Which predictors should I choose?
model1 <- lm(Resp~.,data=test_dat)
> summary(model1)
Call:
lm(formula = Resp ~ ., data = test_dat)
Residuals:
Min 1Q Median 3Q Max
-0.35934 -0.07729 0.00330 0.08204 0.38709
Coefficients:
Estimate Std.

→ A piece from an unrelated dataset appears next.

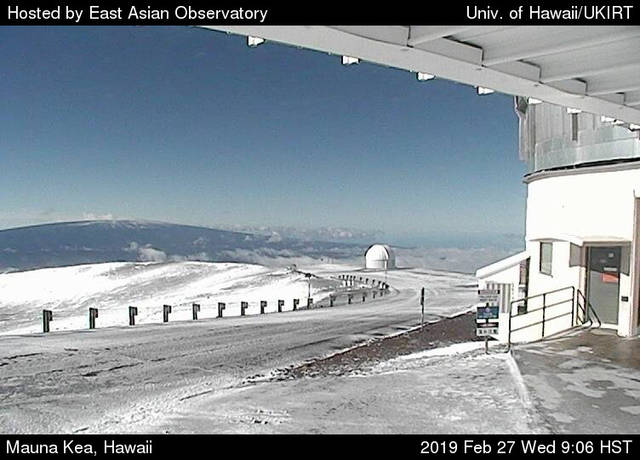 The Maunakea Access Road is currently closed at the 9200 ft. elevation due to the high winds, snow, ice and fog.

Error t value Pr(>|t|)
(Intercept) -3.18858 0.06926 -46.039 <2e-16 ***
Pred1 4.32083 0.03767 114.708 <2e-16 ***
Pred2 2.42110 0.04740 51.077 <2e-16 ***
Pred3 -1.00507 0.04435 -22.664 <2e-16 ***
Pred4 -3.19480 0.09147 -34.927 <2e-16 ***
Pred5 2.77779 0.05368 51.748 <2e-16 ***
Pred6 1.22923 0.05427 22.648 <2e-16 ***
Pred7 -1.21338 0.04562 -26.595 <2e-16 ***
Pred8 0.02485 0.05937 0.419 0.676
Pred9 -0.67831 0.05308 -12.778 <2e-16 ***
Pred10 1.69947 0.02628 64.672 <2e-16 ***
---
Signif. codes: 0 ‘***’ 0.001 ‘**’ 0.01 ‘*’ 0.05 ‘.’ 0.1 ‘ ’ 1
Residual standard error: 0.1193 on 489 degrees of freedom
Multiple R-squared: 0.997, Adjusted R-squared: 0.997
F-statistic: 1.645e+04 on 10 and 489 DF, p-value: < 2.2e-16
My new model should have an R^2 >= 0.897
(threshold<-0.9*r.sqrd)
[1] 0.8973323
metrics.swiss <- calc.relimp(model1, type = c("lmg", "first", "last","betasq", "Pratt"))
metrics.swiss
[email protected]
>Pred1 Pred2 Pred3 Pred4 Pred5 Pred6 Pred7 Pred8 Pred9 Pred10
2 8 3 6 1 10 5 4 7 9
sum(metrics.swiss@lmg)
orderComponents<-c(5,1,3,8,7,4,9,2,10,6)
PCAFactors<-Project.Data.PCA$scores
Rotated<-as.data.frame(cbind(Resp=test_dat$Resp,PCAFactors))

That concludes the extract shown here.